-- Data follows --

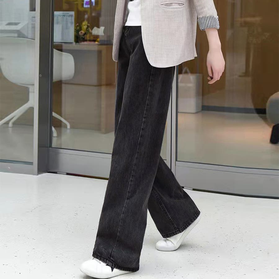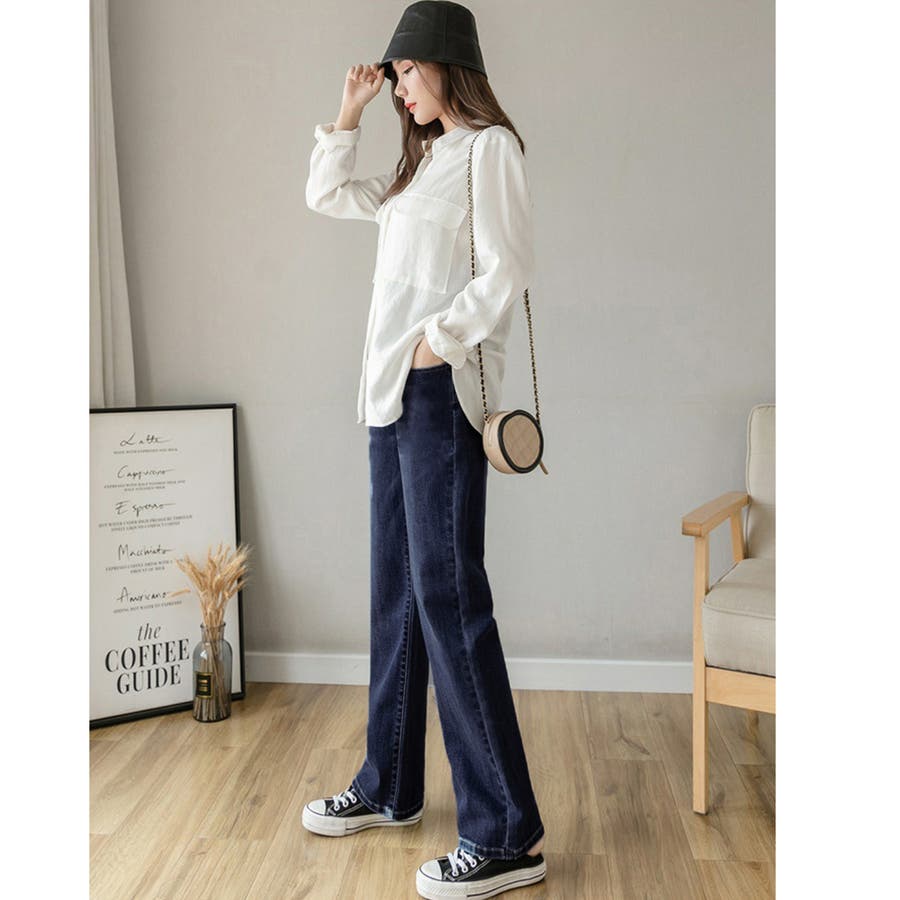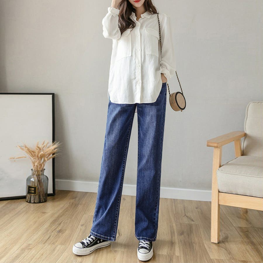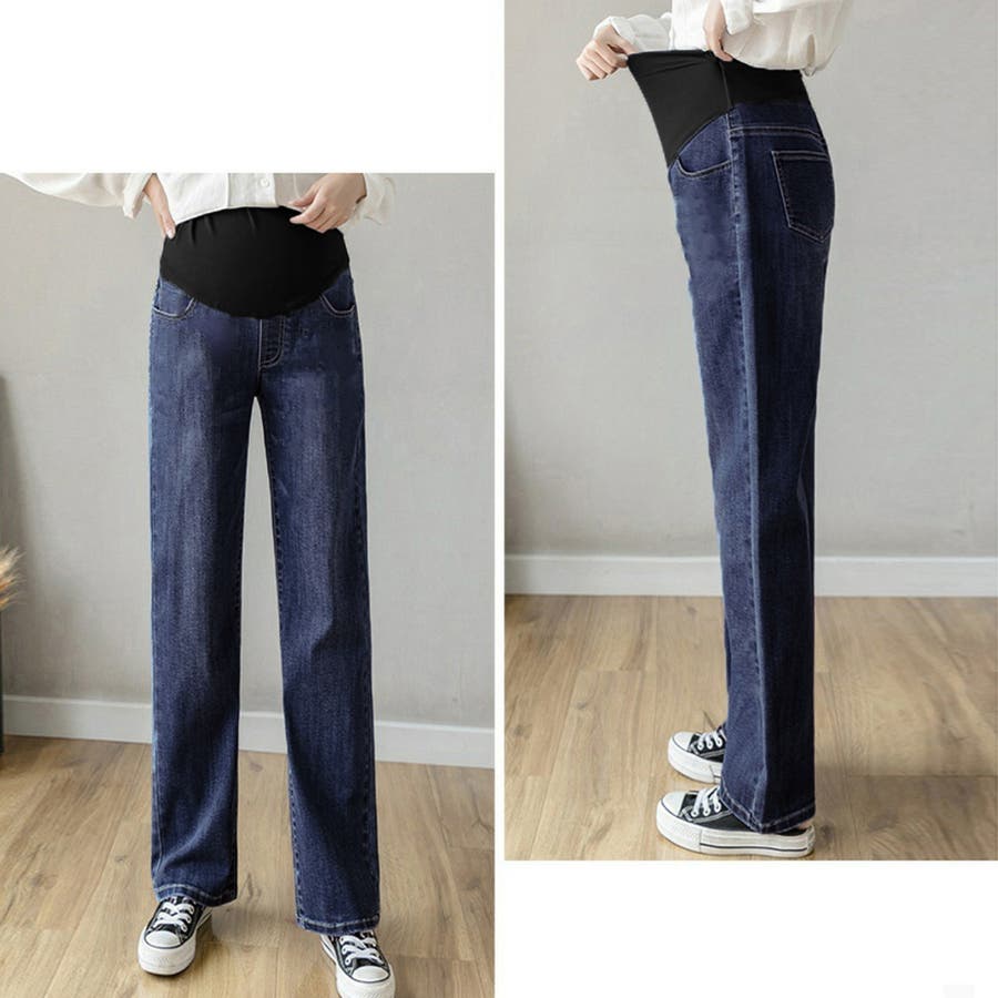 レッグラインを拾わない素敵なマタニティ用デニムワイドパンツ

-- Data concluded --
-- Data follows --

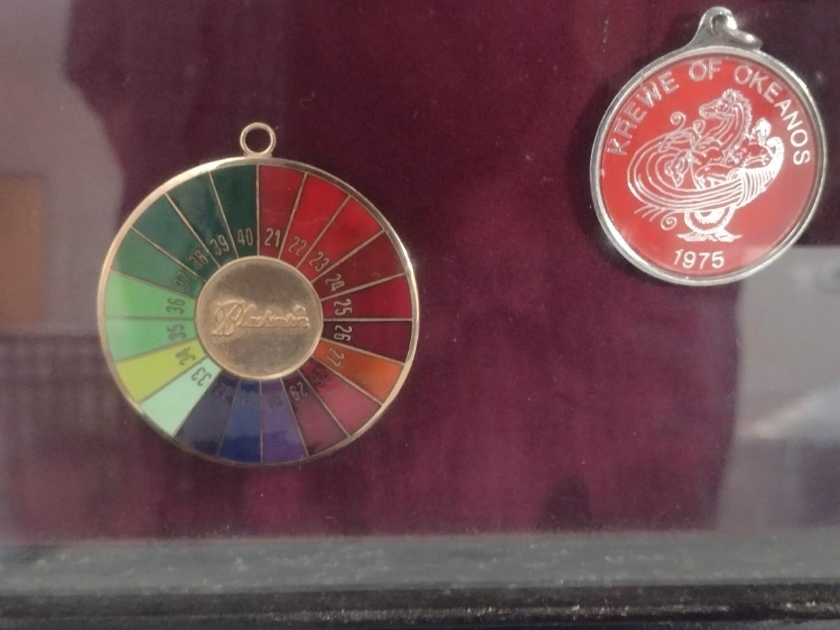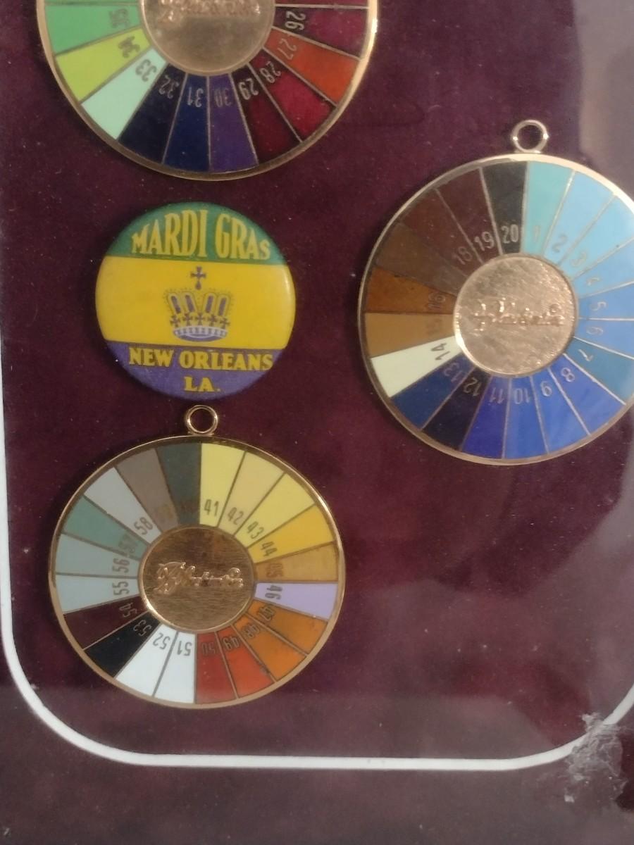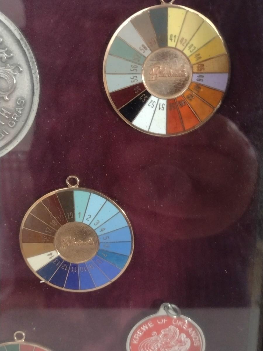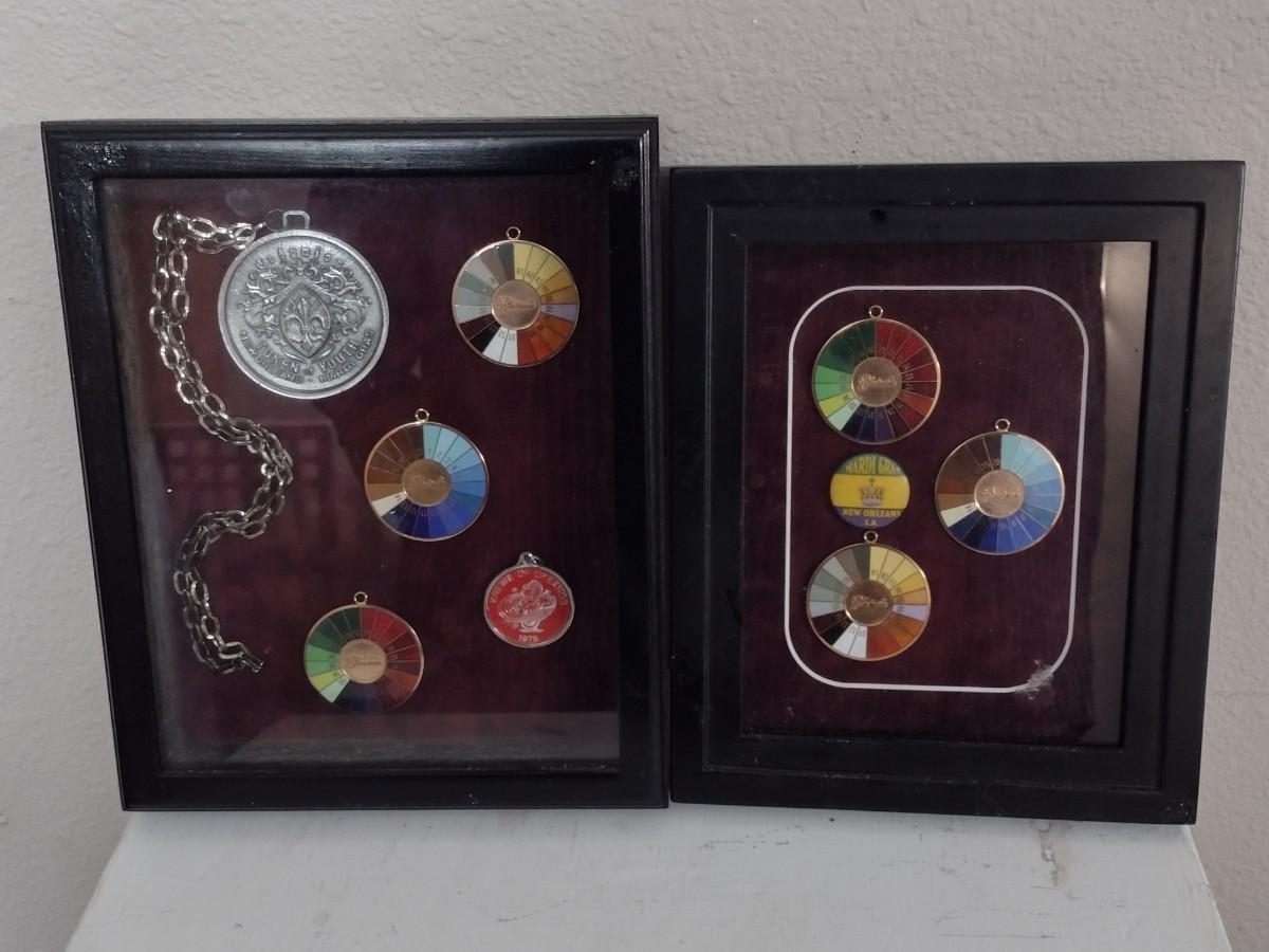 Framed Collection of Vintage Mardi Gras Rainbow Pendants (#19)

-- Data concluded --
-- Data follows --

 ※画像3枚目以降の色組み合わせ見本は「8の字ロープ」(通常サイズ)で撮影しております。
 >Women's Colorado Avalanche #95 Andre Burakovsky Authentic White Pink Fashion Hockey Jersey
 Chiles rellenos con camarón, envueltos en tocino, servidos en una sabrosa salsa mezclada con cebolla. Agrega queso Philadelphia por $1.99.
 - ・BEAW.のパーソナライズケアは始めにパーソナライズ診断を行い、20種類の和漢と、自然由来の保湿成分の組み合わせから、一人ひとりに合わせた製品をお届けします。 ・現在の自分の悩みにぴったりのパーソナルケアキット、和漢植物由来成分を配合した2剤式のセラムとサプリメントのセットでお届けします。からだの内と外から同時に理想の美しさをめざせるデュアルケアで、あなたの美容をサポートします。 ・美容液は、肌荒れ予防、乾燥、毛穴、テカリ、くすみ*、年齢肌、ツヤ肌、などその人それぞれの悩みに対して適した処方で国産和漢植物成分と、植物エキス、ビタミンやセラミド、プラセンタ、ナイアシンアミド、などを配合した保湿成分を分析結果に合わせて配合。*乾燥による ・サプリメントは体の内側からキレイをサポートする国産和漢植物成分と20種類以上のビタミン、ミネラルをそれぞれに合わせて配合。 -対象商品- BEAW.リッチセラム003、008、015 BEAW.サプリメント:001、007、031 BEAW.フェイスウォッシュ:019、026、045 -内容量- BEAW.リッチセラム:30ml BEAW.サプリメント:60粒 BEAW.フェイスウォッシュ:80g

-- Data concluded --

▸ **Exercise requirements**:
Reproduce verbatim the lines above, from the line with "Fashion Hockey Jersey" through the line with "BEAW.リッチセラム:30ml BEAW.サプリメント:60粒 BEAW.フェイスウォッシュ:80g".

▸ **Result below**:
 >Women's Colorado Avalanche #95 Andre Burakovsky Authentic White Pink Fashion Hockey Jersey
 Chiles rellenos con camarón, envueltos en tocino, servidos en una sabrosa salsa mezclada con cebolla. Agrega queso Philadelphia por $1.99.
 - ・BEAW.のパーソナライズケアは始めにパーソナライズ診断を行い、20種類の和漢と、自然由来の保湿成分の組み合わせから、一人ひとりに合わせた製品をお届けします。 ・現在の自分の悩みにぴったりのパーソナルケアキット、和漢植物由来成分を配合した2剤式のセラムとサプリメントのセットでお届けします。からだの内と外から同時に理想の美しさをめざせるデュアルケアで、あなたの美容をサポートします。 ・美容液は、肌荒れ予防、乾燥、毛穴、テカリ、くすみ*、年齢肌、ツヤ肌、などその人それぞれの悩みに対して適した処方で国産和漢植物成分と、植物エキス、ビタミンやセラミド、プラセンタ、ナイアシンアミド、などを配合した保湿成分を分析結果に合わせて配合。*乾燥による ・サプリメントは体の内側からキレイをサポートする国産和漢植物成分と20種類以上のビタミン、ミネラルをそれぞれに合わせて配合。 -対象商品- BEAW.リッチセラム003、008、015 BEAW.サプリメント:001、007、031 BEAW.フェイスウォッシュ:019、026、045 -内容量- BEAW.リッチセラム:30ml BEAW.サプリメント:60粒 BEAW.フェイスウォッシュ:80g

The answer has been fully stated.